The inputs to hearing, vision, and the other senses are continuous, dynamic, and comprise huge amounts of data each second. However, human conscious experience seems to resolve into a manageable number of more-or-less discrete entities—most prominently ‘’objects’’ and ‘’events.’’ Just as people perceive the world as being made up of objects such as “chairs,” “airplanes,” and “dogs,” people perceive the world as made up of events such as “buying a car” or “cutting a cake” (Barker, 1963). For both objects and events, perception includes ‘’segmenting’’ entities from their surroundings, ‘’recognizing’’ them as individuals or instances of a class, and identifying the features that characterize them. Event perception is the set of cognitive mechanisms by which observers pick out meaningful spatiotemporal wholes from the stream of experience, recognize them, and identify their characteristics.


Types of Events

The term event perception encompasses a range of phenomena involving the processing of temporally extended, dynamic information. In psychology, attention has focused on events that are relatively brief, on the timescale of seconds to minutes, and that are perceived rather than, say, read about (Zacks & Tversky, 2001). Several types of perceptual events have been studied, in part reflecting differences in theoretical orientation amongst groups of researchers.
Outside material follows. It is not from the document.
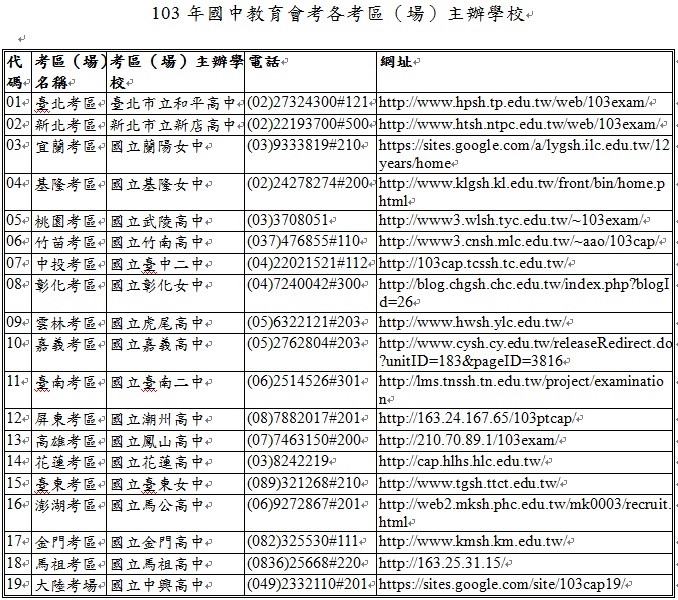 103年國中教育會考將於5月17日、18日辦理,各考區簡章將於2月10日同步公告於全國19個考區(場)試務主辦學校網站(如附件),考生可以透過國中教育會考網站(http://cap.ntnu.edu.tw)或103年國中教育會考全國試務會網站(http://cap.ntsh.ntpc.edu.tw)連結,免費下載,也可洽各考區試務主辦學校購買紙本簡章。
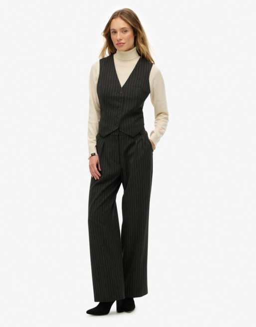 Superdry Mid rise pinstripe trousers in charcoal pinstripe

One class of such events corresponds to physical interactions between objects. Michotte (1946) studied simple interactions in which one object approaches another object, which then itself begins moving or changes its direction of motion. Michotte characterized a range of conditions in which a sequence gives rise to the impression that one object has launched the other into motion. Critical variables include the objects’ proximity when the second object begins moving, the timing of the motion change, and the relative velocities of the objects’ motions.
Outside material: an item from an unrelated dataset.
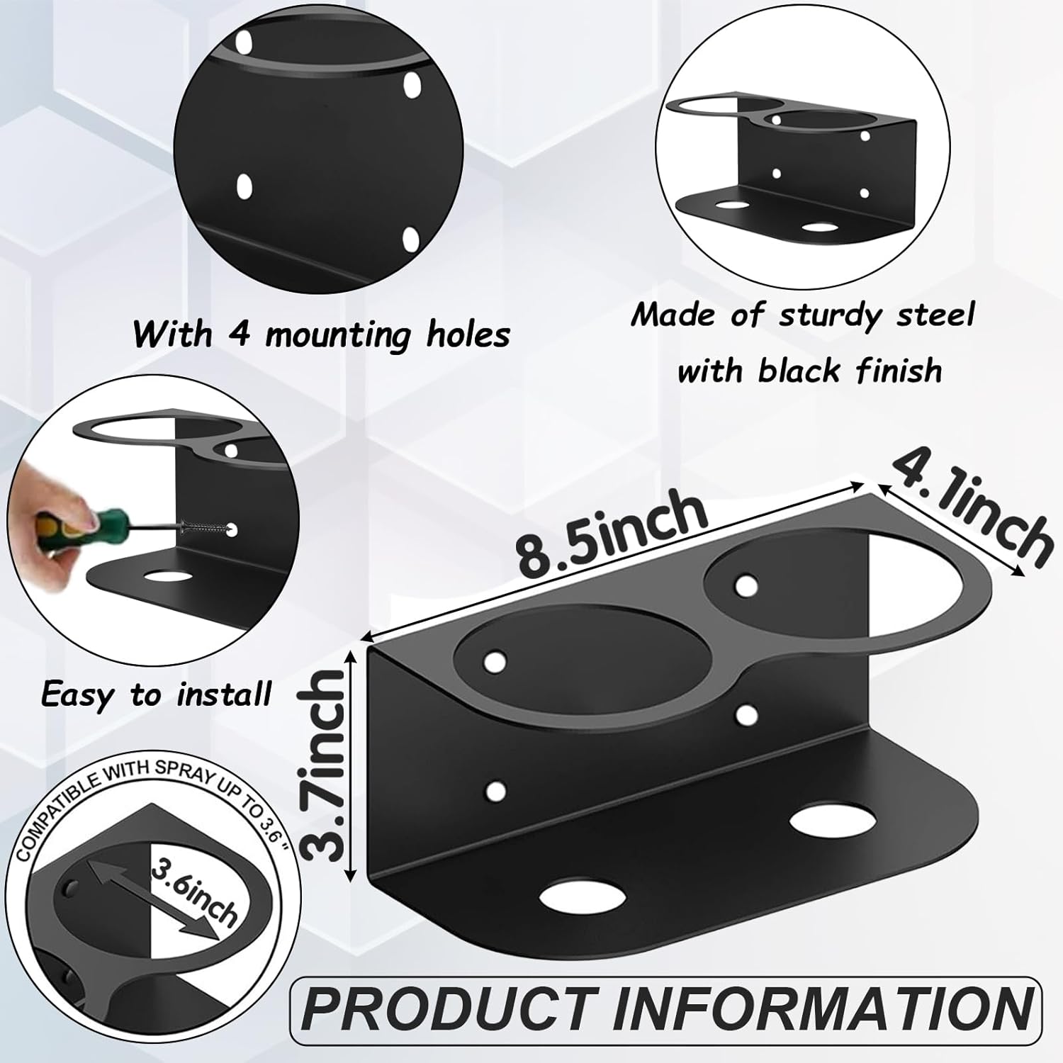 - Easy to Install – Hardware Included: Each spray can holder wall mount comes with 4 screws and 4 nuts. No assembly required—just secure to the wall through the 4 mounting holes. Ideal for garages, workshops, or inside cabinets

Researchers in the Gibsonian tradition have characterized events that are defined by changes in the layout of environmental surfaces; these include translations and rotations, collisions, surface deformations (as when a body changes pose), and surface disruptions (as when a tear or hole is created) (Gibson, 1979). The unfolding of such a change has its own invariant structure and makes up a spatiotemporal form (Bingham & Wickelgren, 2008). Researchers in this tradition have studied both inanimate events such as billiard balls colliding and rocks splashing into water, and simple animate actions such as reaching and jumping.
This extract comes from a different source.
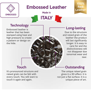 Please note that genuine leather is natural and part of an animal, scars and imperfections are all part of its character and personality.

More recently, researchers into the types of events described both by Michotte and Gibson have begun to explore intersensory interactions and their effects on perceptions of events. Inanimate and animate actions both have been shown to be affected by the interactions of, say, visual and auditory cues, very often to resolve information about an event that perceptually is ambiguous within one sense alone. For example, Sekuler showed that interactions between moving objects that otherwise visually were ambiguous were "resolved" to a collision when paired with an auditory cue consistent with a collision or were "resolved" to a pass when paired with an auditory cue consistent with a near miss (Sekuler, Sekuler, & Lau, 1997).

Amongst animate actions, human actions are a particularly important class of perceptual events. Researchers have studied simple actions such as reaching, stepping, and pointing, each of which may constitute an atomic unit for action planning and perception. Researchers also have studied more complex sequential actions, particularly everyday household activities such as washing dishes, cleaning, and preparing meals. The understanding of sequential structure in action appears to be particularly tied to observers’ understanding of actors’ goals (Miller & Johnson-Laird, 1976, Ch. 2) and to semantic knowledge about how events typically unfold in time. One’s semantic knowledge about an everyday activity is known as a script (Abelson, 1981) and there is increasing evidence to suggest that knowing how to complete an action oneself affects one's perceptions of that action in others (see, for example, Calvo-Merino, Glaser, Grezes, Passingham, & Haggard, 2005).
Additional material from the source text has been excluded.